Risk to capital markets:
The diminished investor confidence that would result if long-settled securities transactions can be reversed would create an environment hostile to capital formation. Moreover, the possibility that settled transactions can be reversed could lead to an increase in both the cost and volatility of transactions in the capital markets . . . Thus, there are strong policy reasons supporting a statutory interpretation that promotes finality in securities transactions. Id. at 18
The harm to creditors does not justify disrupting the transaction:
These adverse consequences for creditors, however, are the inevitable result of Congress' balancing of the need to protect creditors against the need to protect settlement payments made by or to participants in the securities markets. Congress, by enacting Section 546(e), determined that settlement payments . . . should be shielded from the full reach of the creditor protections of the fraudulent conveyance laws, with recovery permitted only for transfers occurring within one year of a bankruptcy petition that involve actual fraud. Id. at 19.
[2] The SEC's brief in Schwab at p. 30, n. 33 differentiated settlement payments from dividends:
The LBO payments were made in exchange for stock pursuant to the terms of a merger that required shareholder approval. Dividends, in contrast, do not involve an exchange and are declared by directors. Thus, dividends would not fall within the definition of `settlement payment' for purposes of Section 546(e). Emphasis added.
The Court notes that the SEC is an objective party best situated to explain industry practice.
[3] The same Group of Thirty defines "post-settlement functions" as "[a]dministrative functions connected with safe keeping securities, such as dividend payments; stock dividend, warrant, and bonus share processing; notification of warrants, rights and tender offers; and other corporate actions." Group of Thirty Report at 85. The post-settlement functions require nothing of the shareholders to effectuate the transaction.

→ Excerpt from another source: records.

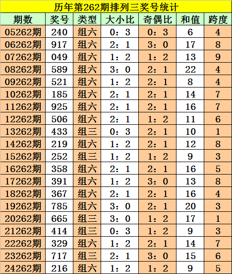 历年第262期奖号中:组三开出5次,组六开出15次。组三较少,本期注意组三反弹。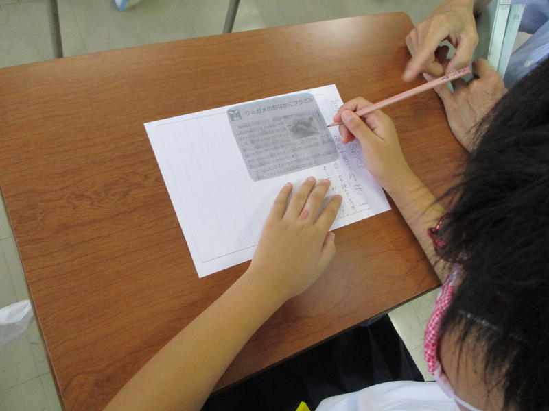 短い物語を読み、思ったこと、感じたことを伝え合ったり、新聞の記事や4コマ漫画を読み、その出来事や話について感じたことを伝え合ったり、詩や俳句などから、感じたことを伝え合い、考えを共有し合うことを行っています。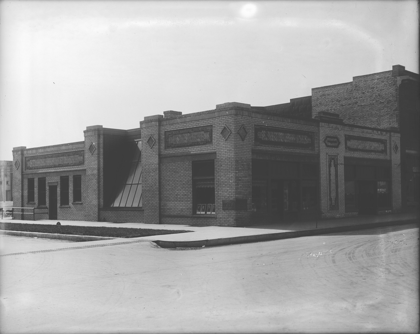 - Exterior view of the Bisbee Studio with addition, looking south at the corner of 2nd Ave East and 2nd St East (now Hansen St E.).`

[4] In the Final Report of the Securities and Exchange Commission on the Practice of Recording the Ownership of Securities in the Records of the Issuer in other than the Name of the Beneficial Owner of Such Securities, pursuant to Section 12(m) of the Securities Exchange Act of 1934 at 9, n. 1 (December 3, 1976), the SEC stated: "Clearance and settlement of securities transactions encompasses the process by which parties to a transaction exchange money and securities."
[5] The claims, if any, against Hallwood and its nominees appear to have been settled. Hence, there is no additional recovery from that source.

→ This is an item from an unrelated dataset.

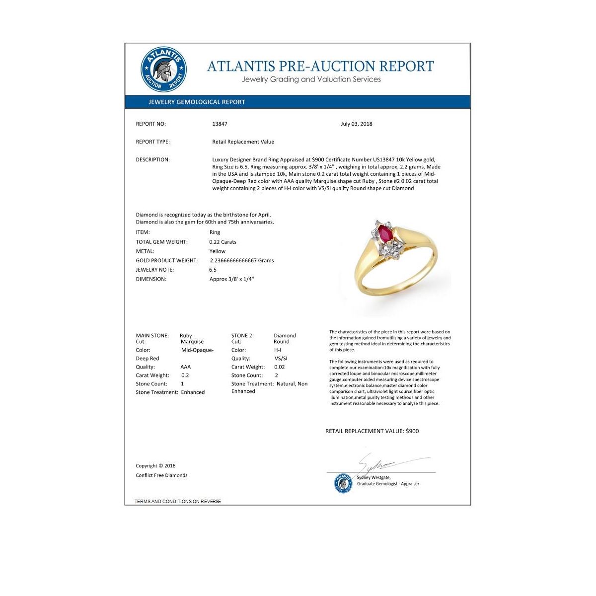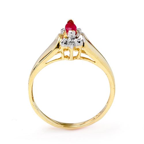 REF-13H3A -13847 ---- 0.22 CTW Ruby & Diamond Ring 10K Yellow Gold ---- Luxury Designer Brand Ring Appraised at $900 Certificate Number US13847 10k Yellow gold, Ring Size is 6.5, Ring measuring approx. 3/8' x 1/4" , weighing in total approx. 2.2 grams. Made in the USA and is stamped 10k, Main stone 0.2 carat total weight containing 1 pieces of Mid-Opaque-Deep Red color with AAA quality Marquise shape cut Ruby , Stone #2 0.02 carat total weight containing 2 pieces of H-I color with VS/SI quality Round shape cut Diamond

[6] The relevant portion of Section 6 lists the following non-inclusive factors to select the applicable rule of law:
(a) the needs of the interstate and international systems,
(b) the relevant policies of the forum,
(c) the relevant policies of other interested states and the relative interests of those states in the determination of the particular issue,
(d) the protection of justified expectations,
(e) the basic policies underlying the particular field of law,
(f) certainty, predictability and uniformity of result, and
(g) ease in the determination and application of the law to be applied.

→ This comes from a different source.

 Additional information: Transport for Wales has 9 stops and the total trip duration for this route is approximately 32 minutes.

[7] 6 Del.C. § 1305 provides:
Every conveyance made without fair consideration when the person making it is engaged or is about to engage in a business or transaction for which the property remaining in his hands after the conveyance is an unreasonably small capital, is fraudulent as to creditors and as to other persons who become creditors during the continuance of such business or transaction without regard to his actual intent.
Emphasis added.
6 Del.C. § 1306 provides:
Every conveyance made and every obligation incurred without fair consideration when the person making the conveyance or entering into the obligation intends or believes that he will incur debts beyond his ability to pay as they mature, is fraudulent as to both present and future creditors.
Emphasis added.
6 Del.C. § 1307 provides:
Every conveyance made and every obligation incurred with actual intent, as distinguished from intent presumed in law, to hinder, delay or defraud either present or future creditors, is fraudulent as to both present and future creditors.
Emphasis added.
[8] Support for this conclusion is also provided by several sections from the Restatement. Section 304 explains:
[t]he local law of the state of incorporation will be applied to determine the right of a shareholder to participate . . . in the division of profits . . . and his rights on the issuance of new shares, except in the unusual case where, with respect to the particular issue, some other state has a more significant relationship under the principles stated in § 6 to the shareholder and the corporation, in which event the local law of the other state will be applied.
In addition, Section 307 states that "[t]he local law of the state of incorporation will be applied to determine the existence and extent of a shareholder's liability to the corporation . . . and to its creditors for corporate debts."
[9] The Fund points out that the reports of Integra's surplus level demonstrate the dividend was lawful.
[10] Section 174(a) provides for liability as follows:
In case of any wilful or negligent violation of § 160 or 173 of this title, the directors under whose administration the same may happen shall be jointly and severally liable, at any time within 6 years after paying such unlawful dividend or after such unlawful stock purchase or redemption, to the full amount of the dividend unlawfully paid, or to the full amount unlawfully paid for the purchase or redemption of the corporation's stock, with interest from the time such liability accrued. Any director who may have been absent when the same was done, or who may have dissented from the act or resolution by which the same was done, may exonerate himself from such liability by causing his dissent to be entered on the books containing the minutes of the proceedings of the directors at the time the same was done or immediately after he has notice of the same.
[11] In Kettle, The court rationalizes that in a stock repurchase, it does not matter whether the shareholders knew of the illegal act. It went on to state that the purchase of its own stock by a corporation is in no sense comparable to the declaration of a corporate dividend. Therefore, with respect to the knowledge question, the Kettle case is neither legally nor factually apposite.